A straight bit would work. I like an up spiral better. I use a 3/8 or a 1/4 depending on the thickness of the work.


----------



## Quillman (Aug 16, 2010)

Straight bit, short solid carbide x 1/4" shank.
This is a very high stress cut so flute length should be limited to thickness of material.


----------



## jw2170 (Jan 24, 2008)

G’day 

Welcome to the router forum.

Thank you for joining us, Lloyd.

I have had good results with 1/4" and 3/8" bits.

Do not cut too deep on each pass.


----------



## Drew Eckhardt (Aug 2, 2008)

lmoore2213 said:


> What is the best bit to use to cut a circle?

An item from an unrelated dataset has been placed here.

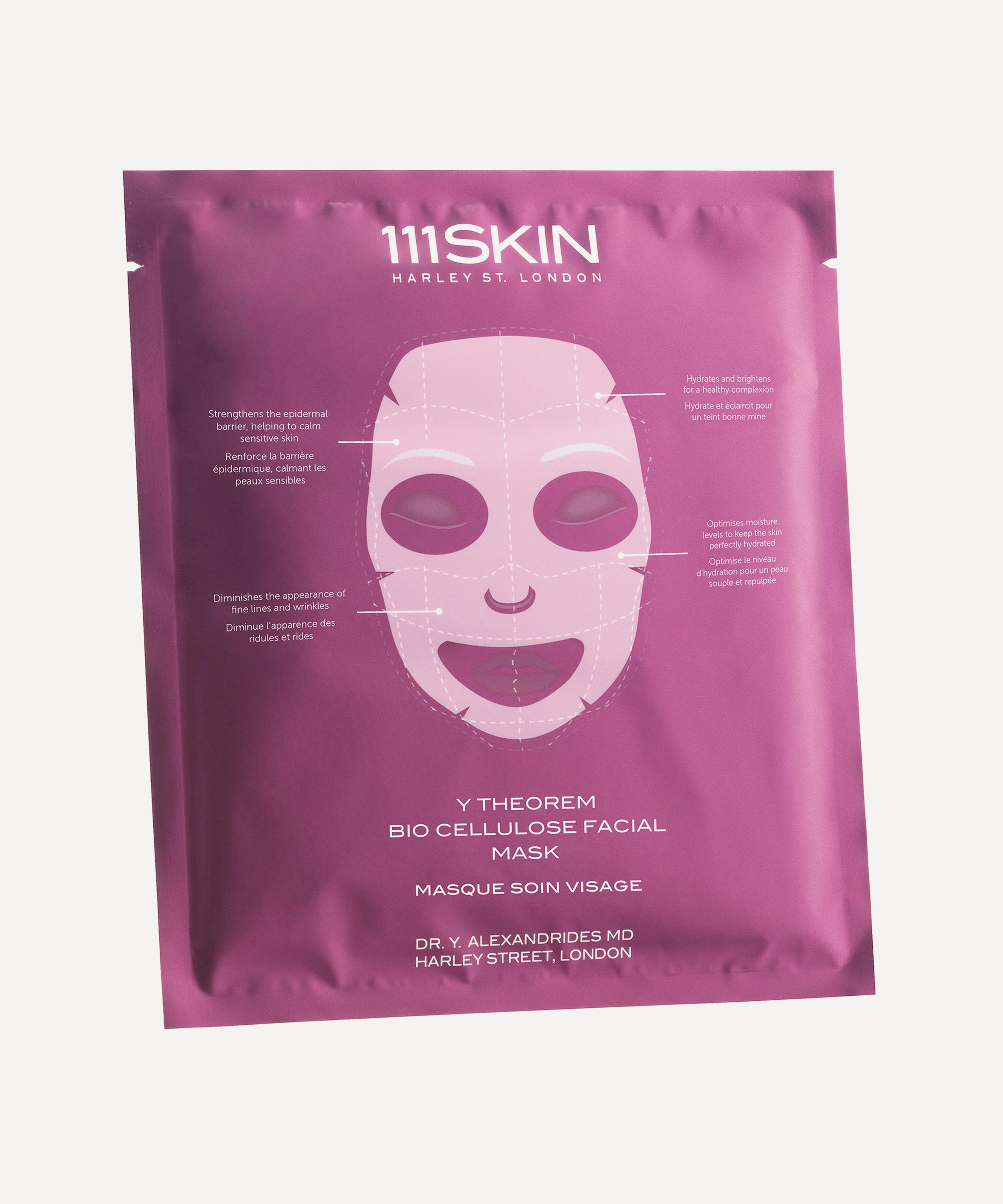 111SKIN's Y Theorem Bio Cellulose Facial Mask is a hydrating sheet mask designed to soothe, support and strengthen stressed skin for a repaired and rejuvenated appearance.

It depends. A spiral up-cut bit (make sure the bit + collet are clean and tight) does a good job at chip extraction but isn't friendly to the top surface of veneered sheet goods. A straight bit is inexpensive and leaves a nice edge for a shallow recess although you need to plunge while cutting. Use multiple passes.


----------



## bobj3 (Jan 17, 2006)

Hi Lloyd

Just about any router bit will do the job  but plunge bits work the best for me.

==



lmoore2213 said:


> What is the best bit to use to cut a circle?


----------



## LMT Onsrud (Onsrud) (Jan 9, 2012)

Hi Lloyd - 

Welcome to the forum!

What material are you routing..?

Fred


----------